Внезапно ударил бубен, разбивая вдребезги едва устоявшуюся тишину ночи, – и строй обнажённых красавиц неуверенно, стесняясь каждого своего движения, тронулся с места. Плавно и синхронно, словно связанные невидимой нитью в одно целое тела проплыли по всему пространству большой залы, в точности повторяя путь светлячков, только-только оживлённых горячим сиянием неугасимого огня лампадки, и сомкнулись, наконец, правильным кольцом вокруг Государя.
– Ой, ты, Пронюшка-Паранья, ты за что любишь Ивана? – зазвучал вдруг неуверенный и слабенький, но чистый девичий голосок. – Я за то люблю Ивана, что головушка кудрява, – постепенно голосок креп, обретая уверенность и силу. И вскоре всё убранство помещения и даже сами стены завибрировали, задрожали в унисон сладкозвучному, удивительной красоты и силы девичьему голосу. – Я за то люблю Ивана, что головушка кудрява, что головушка кудрява, а бородушка кучерява.

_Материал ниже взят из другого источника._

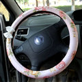 Floral Bud Silk Bowknot Car Steering Wheel Cover PU Leather 15 Inch 38CM - Pink
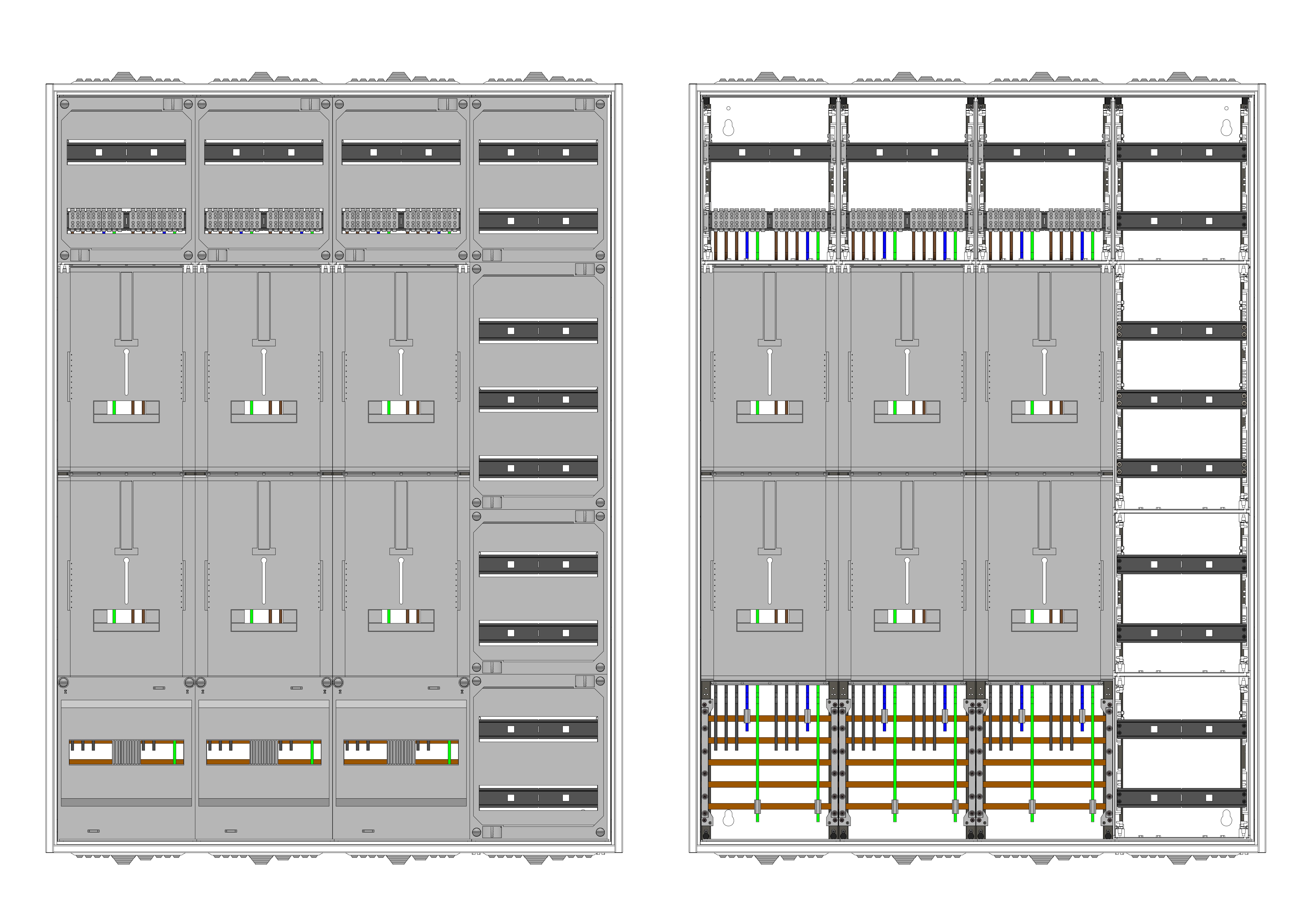 AZ82HS2-230, Zählerverteilung mit 3-Punktnach VDE 0603, DIN43870, 4100:2019-04 für den Innenbereich für Wandbefestigung AP/UP, Fabr. Alphatec, BxHxT [mm] = 1050x1400x230, Schutzklasse II, IP54, RAL 7035, Bestehend aus: Gehäuse, Einzel- bzw. Doppeltür mit Drehriegel, Flansche SF45 (oben) und SF41 (unten) und Berührungsschutzabdeckungen, aufgebaut wie folgt: 5xZählerplatz, TSG, Verteilerfeld (12TE), externer APZ erforderlich, inkl. Querverdrahtung, komplett zusammengebaut und verdrahtet gemäß VNB.0142

С десяток новых, не менее чистых голосов, осмелев, подхватили, образуя стройный и слаженный хор. Тела поплыли в хороводе, сначала медленно и плавно, но постепенно убыстряя темп, украшая свои движения новыми па. Сила чистых девичьих голосов неуклонно росла, постепенно заполняя песней помещения кремлёвского дворца. Темп вырос настолько, что даже внутреннее убранство залы, огни, тени, сам воздух, до предела насыщенный звучанием песни – всё вокруг смешалось, закружилось в сумасшедшем ритме танца. А тела – юные, прекрасные девичьи тела, ещё недавно так трогательно застенчивые и смущённые своей доступностью, поддавшись общему сумасшествию и неистовству животной стихии, выделывали такие откровенные движения, что козлоногий Фавн изумился бы столь богатой изобретательности русских дев и непременно прискакал бы, цокая копытами, из своего болота на этот праздник плоти. Если бы не строгий взгляд, молча взирающий с ярко освещённого пламенем лампадки образа Спаса.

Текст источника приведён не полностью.